→ **Input records**:
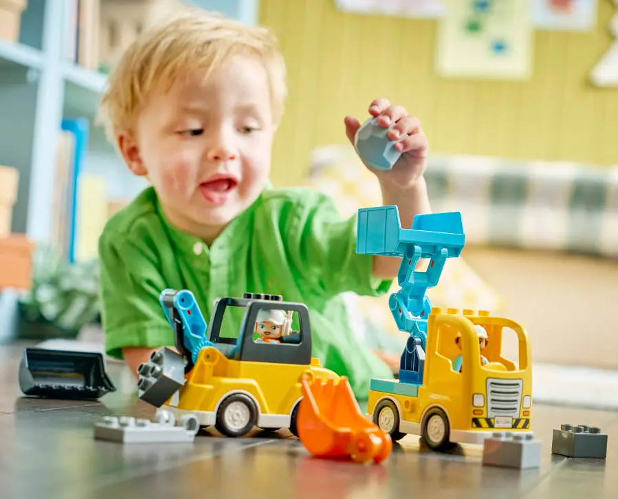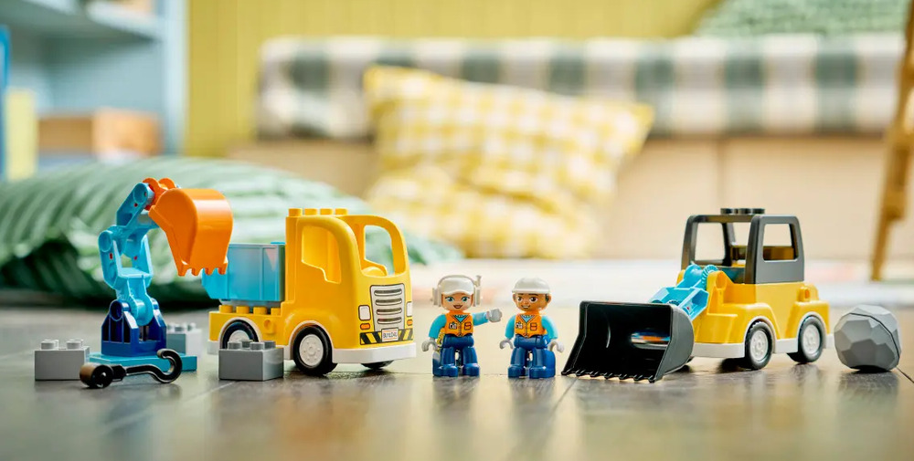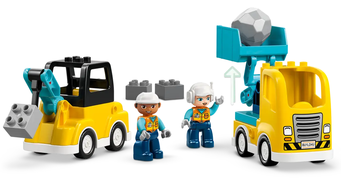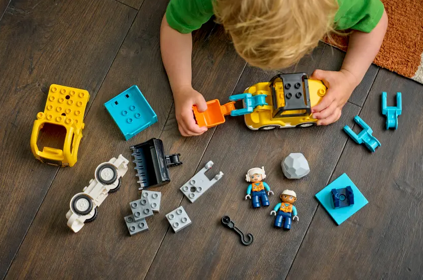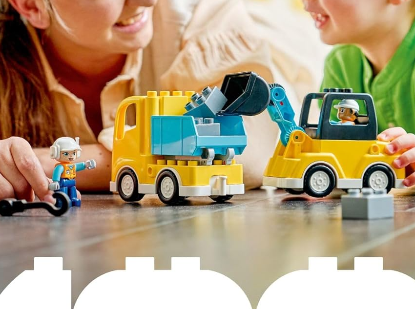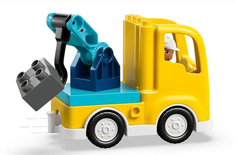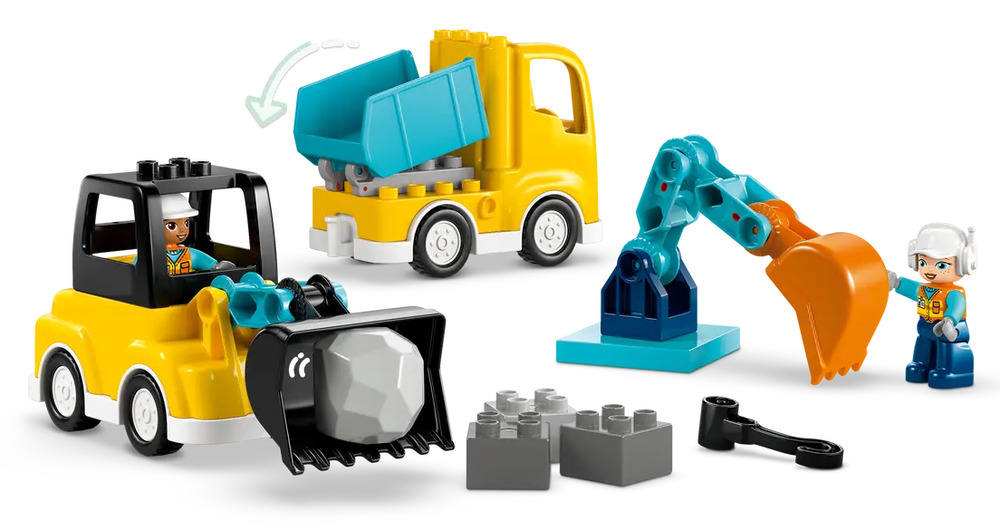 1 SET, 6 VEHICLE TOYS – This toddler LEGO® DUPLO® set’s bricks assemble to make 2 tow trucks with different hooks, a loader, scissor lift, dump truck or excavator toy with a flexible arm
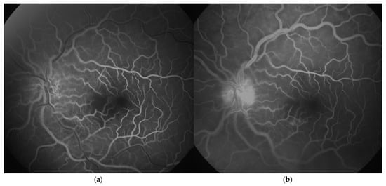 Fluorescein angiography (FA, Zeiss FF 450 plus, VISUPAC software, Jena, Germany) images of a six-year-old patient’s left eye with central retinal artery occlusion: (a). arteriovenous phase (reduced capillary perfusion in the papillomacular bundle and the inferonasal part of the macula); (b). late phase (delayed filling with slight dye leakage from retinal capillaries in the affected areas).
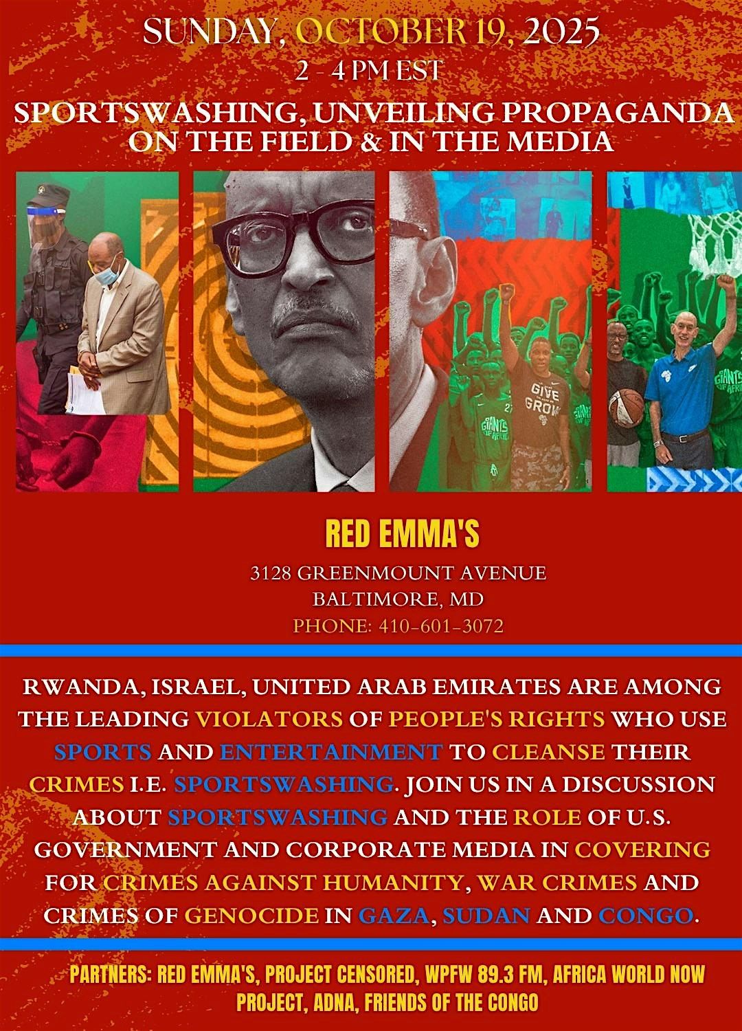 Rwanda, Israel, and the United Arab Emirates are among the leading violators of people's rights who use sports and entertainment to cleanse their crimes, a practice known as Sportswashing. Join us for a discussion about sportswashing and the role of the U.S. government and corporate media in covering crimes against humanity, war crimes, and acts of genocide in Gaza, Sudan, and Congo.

* * *

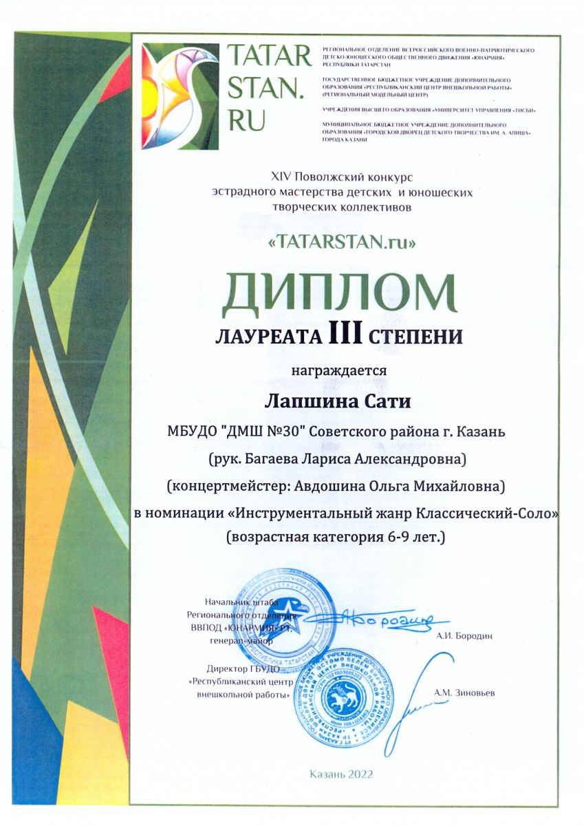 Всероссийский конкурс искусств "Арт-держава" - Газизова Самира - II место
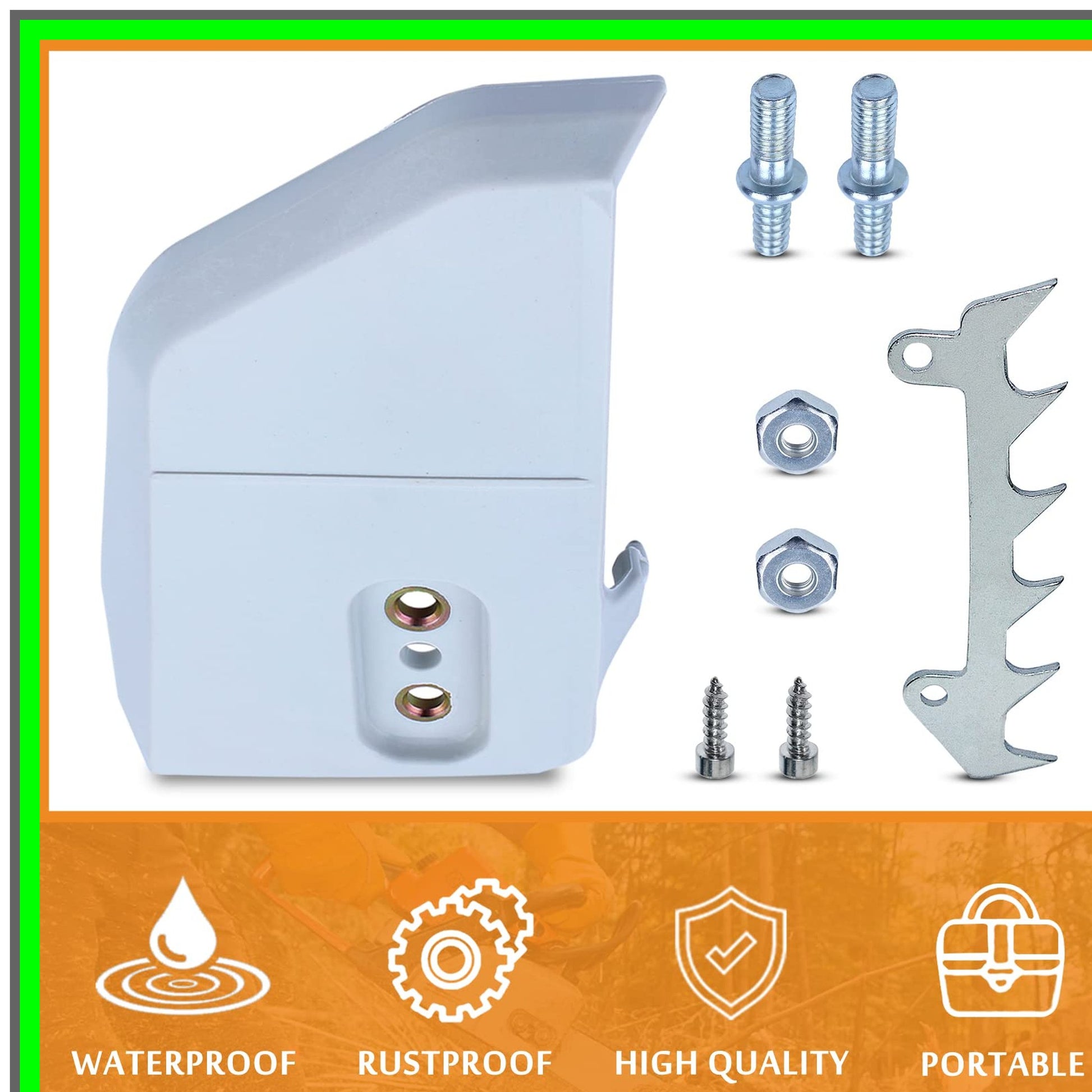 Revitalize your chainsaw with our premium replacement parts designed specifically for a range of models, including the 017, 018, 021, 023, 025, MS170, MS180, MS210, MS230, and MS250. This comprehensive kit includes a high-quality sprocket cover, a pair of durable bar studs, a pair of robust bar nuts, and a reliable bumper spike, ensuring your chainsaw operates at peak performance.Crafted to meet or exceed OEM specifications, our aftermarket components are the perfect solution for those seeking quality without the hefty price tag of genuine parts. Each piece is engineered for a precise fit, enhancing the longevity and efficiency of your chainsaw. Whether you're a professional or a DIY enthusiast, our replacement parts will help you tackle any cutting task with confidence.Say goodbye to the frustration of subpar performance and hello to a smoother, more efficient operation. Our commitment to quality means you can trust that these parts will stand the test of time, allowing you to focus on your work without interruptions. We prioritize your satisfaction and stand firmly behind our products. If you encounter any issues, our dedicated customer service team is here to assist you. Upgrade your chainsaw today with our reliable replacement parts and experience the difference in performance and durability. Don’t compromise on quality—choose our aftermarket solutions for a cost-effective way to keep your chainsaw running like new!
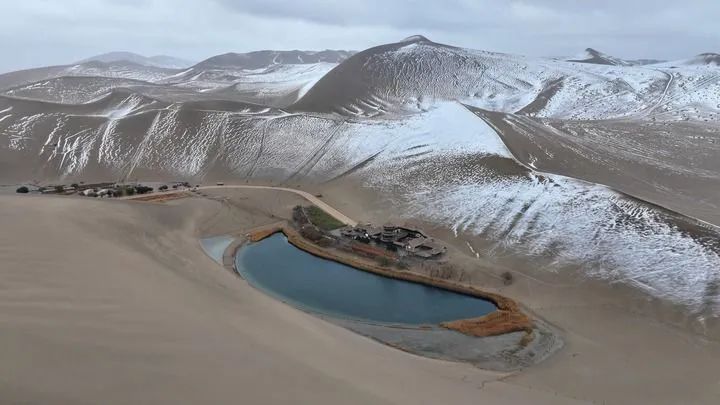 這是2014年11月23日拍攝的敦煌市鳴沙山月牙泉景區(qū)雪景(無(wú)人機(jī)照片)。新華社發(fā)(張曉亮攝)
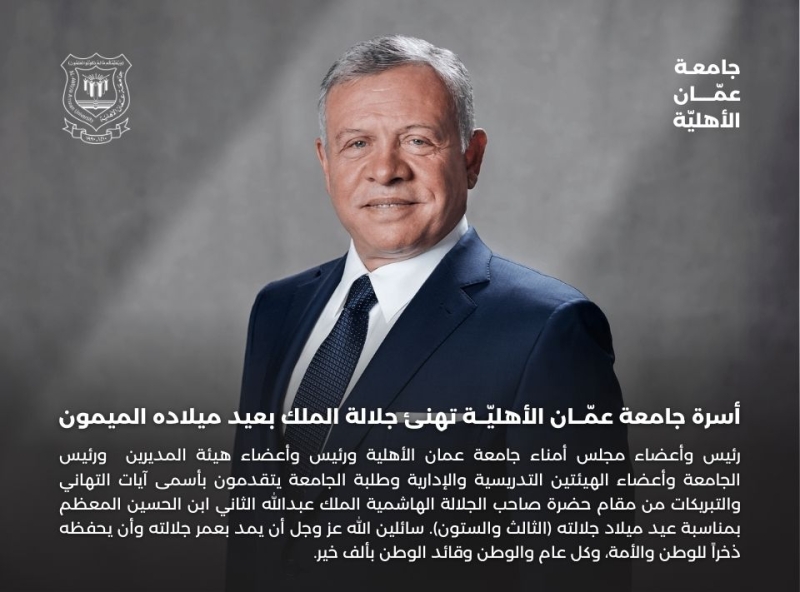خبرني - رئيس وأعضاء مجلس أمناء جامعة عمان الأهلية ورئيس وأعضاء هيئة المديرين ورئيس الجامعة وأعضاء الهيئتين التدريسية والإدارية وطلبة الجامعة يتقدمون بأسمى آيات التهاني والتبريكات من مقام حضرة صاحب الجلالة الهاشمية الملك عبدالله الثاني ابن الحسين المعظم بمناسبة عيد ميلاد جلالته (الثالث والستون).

---

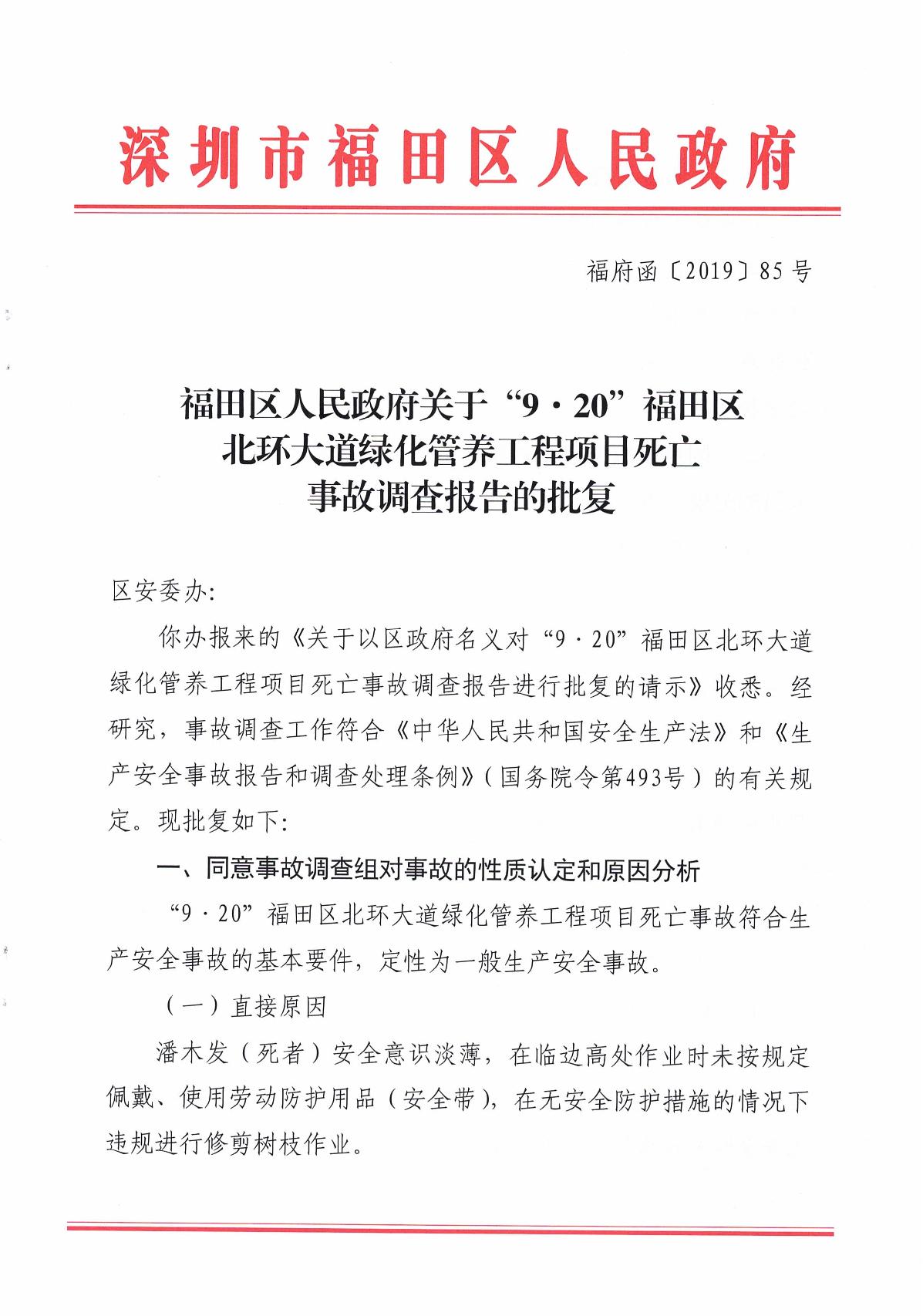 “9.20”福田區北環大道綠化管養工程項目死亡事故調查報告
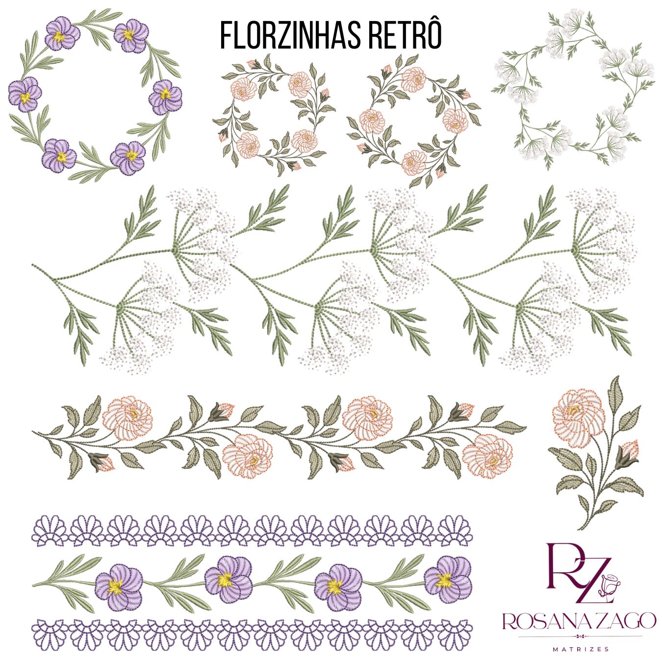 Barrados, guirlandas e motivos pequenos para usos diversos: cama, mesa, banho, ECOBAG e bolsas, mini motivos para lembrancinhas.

→ **Your assignment**: Reproduce the data above exactly, but only the lines from the one showing "Fluorescein angiography (FA, Zeiss" through the one showing "Rwanda, Israel, and", with both ends kept and the pictures left out.

→ **Task response**:
 Fluorescein angiography (FA, Zeiss FF 450 plus, VISUPAC software, Jena, Germany) images of a six-year-old patient’s left eye with central retinal artery occlusion: (a). arteriovenous phase (reduced capillary perfusion in the papillomacular bundle and the inferonasal part of the macula); (b). late phase (delayed filling with slight dye leakage from retinal capillaries in the affected areas).
 Rwanda, Israel, and the United Arab Emirates are among the leading violators of people's rights who use sports and entertainment to cleanse their crimes, a practice known as Sportswashing. Join us for a discussion about sportswashing and the role of the U.S. government and corporate media in covering crimes against humanity, war crimes, and acts of genocide in Gaza, Sudan, and Congo.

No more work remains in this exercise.